It is sometimes desirable to run one or more Bayesian models repeatedly across multiple simulated datasets. Examples:

  1. Validate the implementation of a Bayesian model using simulation-based calibration (SBC; Cook, Gelman, and Rubin 2006; Talts et al. 2020).
  2. Simulate a randomized controlled experiment to explore frequentist properties such as power and Type I error.

This vignette focuses on (1). The goal is to simulate multiple datasets from the model below, analyze each dataset, and assess how often the estimated credible intervals for beta capture the true value of beta from the simulation.

lines <- "data {
  int <lower = 1> n;
  vector[n] x;
  vector[n] y;
}
parameters {
  real beta;
}
model {
  y ~ normal(x * beta, 1);
  beta ~ normal(0, 1);
}"
writeLines(lines, "model.stan")

Next, we define a pipeline to simulate multiple datasets and fit each dataset with the model. Below, we commit to 10 replications: 2 batches with 5 iterations per batch. (In practical situations, the total number of replications should be hundreds of times more.) We also supply custom variable names and summary functions to return the 95% credible intervals for beta. Below, we use the data_copy argument to copy the true value of beta from the data to the results, which will help us assess the credible intervals.

# _targets.R
library(targets)
library(stantargets)
options(crayon.enabled = FALSE)
tar_option_set(memory = "transient", garbage_collection = TRUE)

generate_data <- function() {
  true_beta <- stats::rnorm(n = 1, mean = 0, sd = 1)
  x <- seq(from = -1, to = 1, length.out = n)
  y <- stats::rnorm(n, x * true_beta, 1)
  list(n = n, x = x, y = y, true_beta = true_beta)
}

list(
  tar_stan_mcmc_rep_summary(
    model,
    "model.stan",
    generate_data(), # Runs once per rep.
    batches = 5, # Number of branch targets.
    reps = 2, # Number of model reps per branch target.
    data_copy = "true_beta", # Append scalars from data to the output data frame.
    variables = "beta",
    summaries = list(
      ~posterior::quantile2(.x, probs = c(0.025, 0.975))
    ),
    log = R.utils::nullfile()
  )
)

We now have a pipeline that runs the model 10 times: 5 batches (branch targets) with 2 replications per batch.
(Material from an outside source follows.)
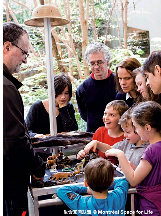
生命空间联盟
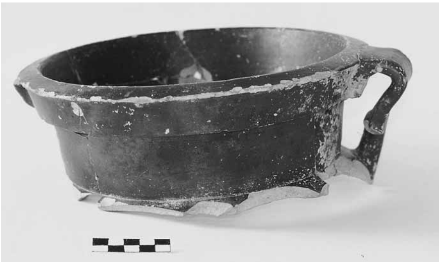
Εικ. 13. Τμήμα μελαμβαφούς λακωνικού κρατήρα (τομή 26-10β).

tar_visnetwork(targets_only = TRUE)

Run the computation with tar_make()

tar_make()
#> ● run target model_batch
#> ● run target model_file_model
#> Compiling Stan program...
#> ● run branch model_data_b0b9380a
#> ● run branch model_data_ffcdb73c
#> ● run branch model_data_b968a03a
#> ● run branch model_data_f8763cb2
#> ● run branch model_data_0bfdabdc
#> ● run branch model_model_5d061b58
#> Model executable is up to date!
#> ● run branch model_model_a9336683
#> Model executable is up to date!
#> ● run branch model_model_bde6a6d6
#> Model executable is up to date!
#> ● run branch model_model_384f982f
#> Model executable is up to date!
#> ● run branch model_model_0d59666a
#> Model executable is up to date!
#> ● run target model
#> ● end pipeline

The result is an aggregated data frame of summary statistics, where the .rep column distinguishes among individual replicates. We have the credible intervals for beta in columns q2.5 and q97.5. And thanks to data_copy, we also have true_beta, the value of beta used to generate the dataset in each simulation rep.

tar_load(model)
model
#> # A tibble: 10 x 7
#>    variable   q2.5 q97.5 true_beta .rep     .file      .name
#>    <chr>     <dbl> <dbl>     <dbl> <chr>    <chr>      <chr>
#>  1 beta     -0.311 1.40      0.768 e028a25a model.stan model
#>  2 beta     -0.533 1.24      0.491 49d9679e model.stan model
#>  3 beta      0.382 2.11      0.631 c2034aa2 model.stan model
#>  4 beta     -0.821 0.901    -0.139 9c310b5f model.stan model
#>  5 beta     -0.300 1.45      0.875 e9c6eb3c model.stan model
#>  6 beta     -0.889 0.851     0.557 06b6d8f4 model.stan model
#>  7 beta      0.360 2.04      1.50  ac50f4a6 model.stan model
#>  8 beta      1.67  3.44      2.15  20619c83 model.stan model
#>  9 beta     -1.64  0.142    -0.679 11ad0797 model.stan model
#> 10 beta     -0.403 1.36      0.987 7aa1dd5a model.stan model

Now, let’s assess how often the estimated 95% credible intervals capture the true values of beta. If the model is implemented correctly, the coverage value below should be close to 95%. (Ordinarily, we would increase the number of batches and reps per batch and run batches in parallel computing.)

library(dplyr)
model %>%
  summarize(coverage = mean(q2.5 < true_beta & true_beta < q97.5))
#> # A tibble: 1 x 1
#>   coverage
#>      <dbl>
#> 1        1

For maximum reproducibility, we should express the coverage assessment as a custom function and a target in the pipeline.

# _targets.R
library(targets)
library(stantargets)

generate_data <- function() {
  true_beta <- stats::rnorm(n = 1, mean = 0, sd = 1)
  x <- seq(from = -1, to = 1, length.out = n)
  y <- stats::rnorm(n, x * true_beta, 1)
  list(n = n, x = x, y = y, true_beta = true_beta)
}

list(
  tar_stan_mcmc_rep_summary(
    model,
    "model.stan",
    generate_data(),
    batches = 5, # Number of branch targets.
    reps = 2, # Number of model reps per branch target.
    data_copy = "true_beta", # Append scalars from data to the output data frame.
    variables = "beta",
    summaries = list(
      ~posterior::quantile2(.x, probs = c(0.025, 0.975))
    ),
    log = R.utils::nullfile()
  ),
  tar_target(
    coverage,
    model %>%
      summarize(coverage = mean(q2.5 < true_beta & true_beta < q97.5))
  )
)

The new coverage target should the only outdated target, and it should be connected to the upstream model target.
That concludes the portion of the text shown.